▶ Recorded data
%%

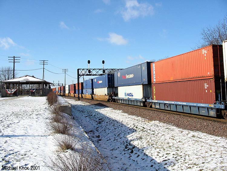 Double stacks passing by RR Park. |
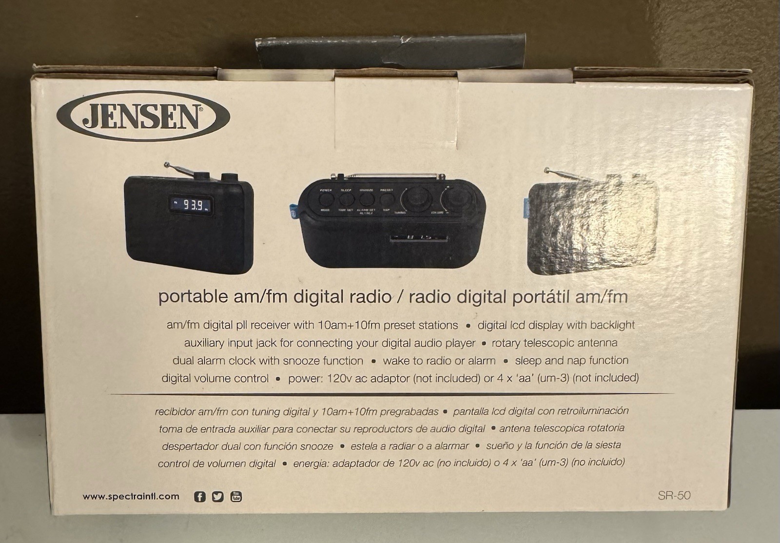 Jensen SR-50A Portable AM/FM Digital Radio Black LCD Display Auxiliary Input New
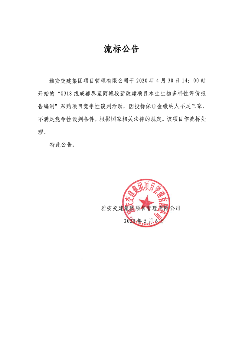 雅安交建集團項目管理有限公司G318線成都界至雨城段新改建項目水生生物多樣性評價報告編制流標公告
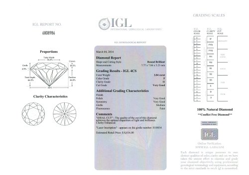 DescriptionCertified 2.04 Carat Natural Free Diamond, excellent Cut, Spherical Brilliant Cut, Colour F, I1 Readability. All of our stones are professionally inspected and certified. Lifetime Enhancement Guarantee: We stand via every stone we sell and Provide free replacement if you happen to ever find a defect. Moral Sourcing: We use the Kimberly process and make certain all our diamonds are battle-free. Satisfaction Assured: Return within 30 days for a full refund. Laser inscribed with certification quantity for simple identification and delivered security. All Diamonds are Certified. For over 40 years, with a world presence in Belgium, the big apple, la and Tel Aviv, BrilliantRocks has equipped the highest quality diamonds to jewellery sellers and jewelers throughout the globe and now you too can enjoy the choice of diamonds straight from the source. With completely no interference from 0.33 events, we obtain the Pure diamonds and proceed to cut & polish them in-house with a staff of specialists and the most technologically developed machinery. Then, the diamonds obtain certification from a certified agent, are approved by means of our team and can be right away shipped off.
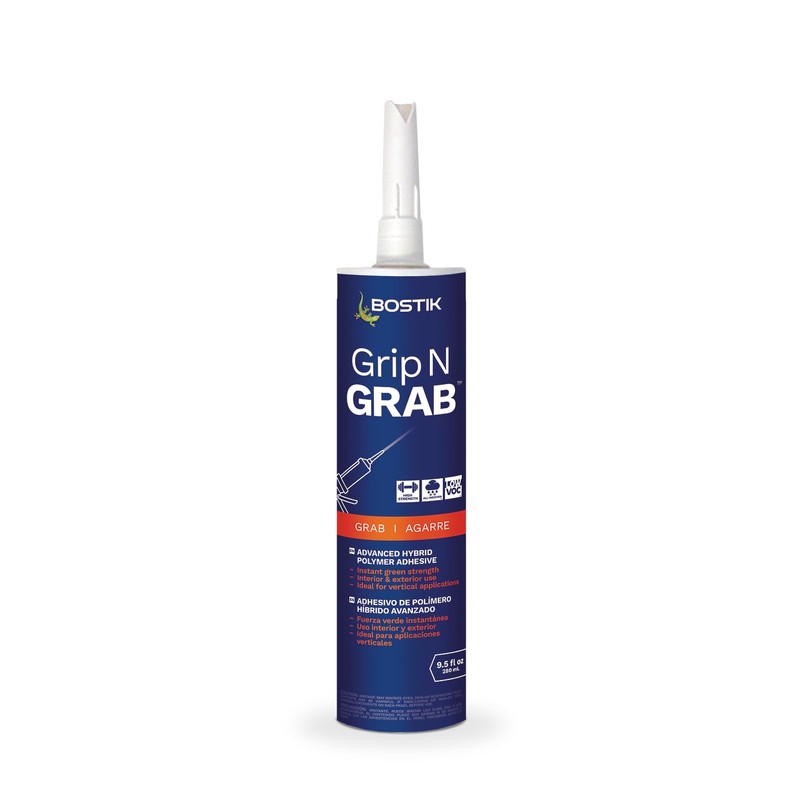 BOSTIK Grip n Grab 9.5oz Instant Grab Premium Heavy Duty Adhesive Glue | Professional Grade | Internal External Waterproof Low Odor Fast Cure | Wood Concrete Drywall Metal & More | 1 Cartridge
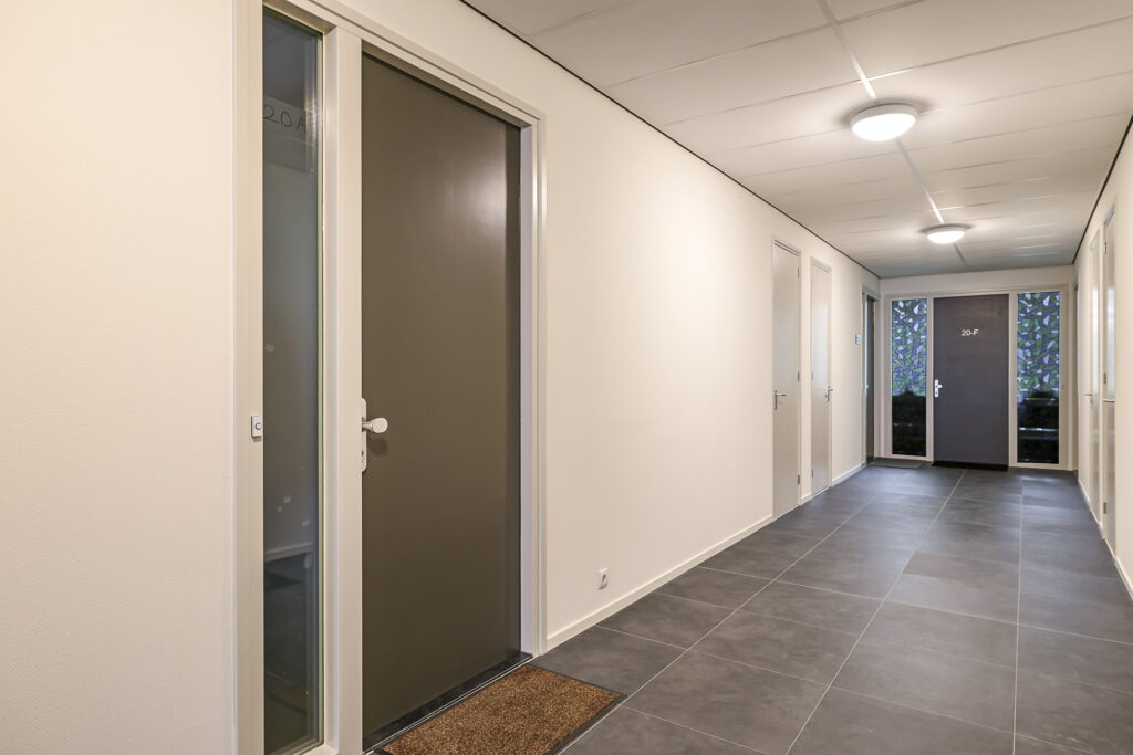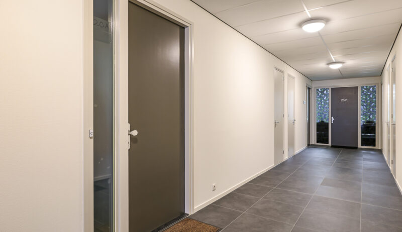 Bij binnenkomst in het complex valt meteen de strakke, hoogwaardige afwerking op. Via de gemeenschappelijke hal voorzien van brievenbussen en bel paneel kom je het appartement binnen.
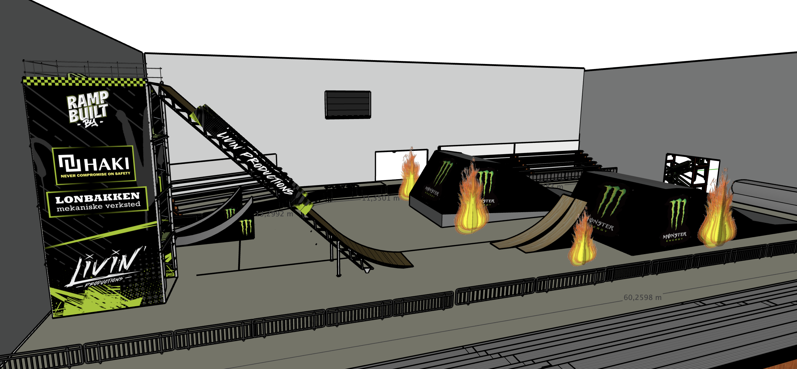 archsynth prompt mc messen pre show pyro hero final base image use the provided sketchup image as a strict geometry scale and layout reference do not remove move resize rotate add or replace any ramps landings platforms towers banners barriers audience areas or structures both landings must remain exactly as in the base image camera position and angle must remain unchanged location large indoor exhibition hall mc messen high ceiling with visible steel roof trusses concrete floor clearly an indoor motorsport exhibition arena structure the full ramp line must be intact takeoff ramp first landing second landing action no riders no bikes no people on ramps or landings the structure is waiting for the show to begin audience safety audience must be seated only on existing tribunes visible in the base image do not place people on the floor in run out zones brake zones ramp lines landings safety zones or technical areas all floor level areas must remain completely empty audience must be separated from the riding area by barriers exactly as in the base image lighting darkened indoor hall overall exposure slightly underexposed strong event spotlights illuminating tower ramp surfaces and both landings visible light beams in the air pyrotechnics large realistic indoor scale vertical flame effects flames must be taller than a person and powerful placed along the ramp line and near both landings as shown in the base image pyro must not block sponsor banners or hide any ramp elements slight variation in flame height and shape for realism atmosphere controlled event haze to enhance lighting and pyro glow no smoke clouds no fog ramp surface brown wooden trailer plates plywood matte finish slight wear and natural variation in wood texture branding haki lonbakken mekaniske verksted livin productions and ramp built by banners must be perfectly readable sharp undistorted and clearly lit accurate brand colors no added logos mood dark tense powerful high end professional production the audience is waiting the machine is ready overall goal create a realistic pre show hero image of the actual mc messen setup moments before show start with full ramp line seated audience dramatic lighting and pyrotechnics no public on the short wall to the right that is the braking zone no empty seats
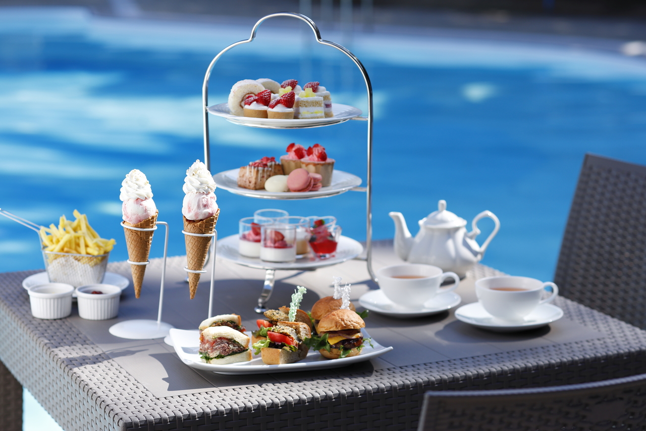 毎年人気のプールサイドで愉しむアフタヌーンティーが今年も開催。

%%
%%

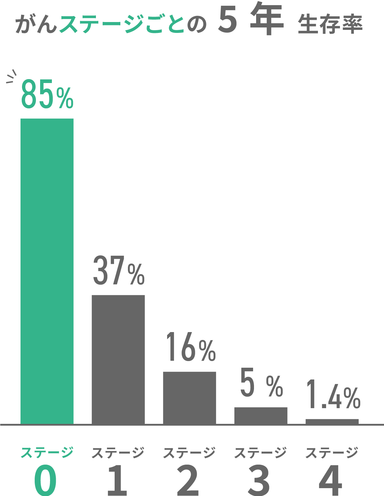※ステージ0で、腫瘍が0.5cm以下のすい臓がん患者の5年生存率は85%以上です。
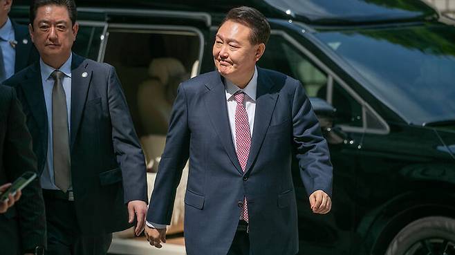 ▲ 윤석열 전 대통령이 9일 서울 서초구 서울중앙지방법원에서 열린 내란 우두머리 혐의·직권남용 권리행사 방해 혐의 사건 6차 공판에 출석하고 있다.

%%

▶ About this task
Using the entries above, repeat exactly the lines from the one with "Double stacks passing by RR Park. |" to the one with "雅安交建集團項目管理有限公司", both included, and leave the pictures behind.

▶ Solution for this problem
 Double stacks passing by RR Park. |
 Jensen SR-50A Portable AM/FM Digital Radio Black LCD Display Auxiliary Input New
 雅安交建集團項目管理有限公司G318線成都界至雨城段新改建項目水生生物多樣性評價報告編制流標公告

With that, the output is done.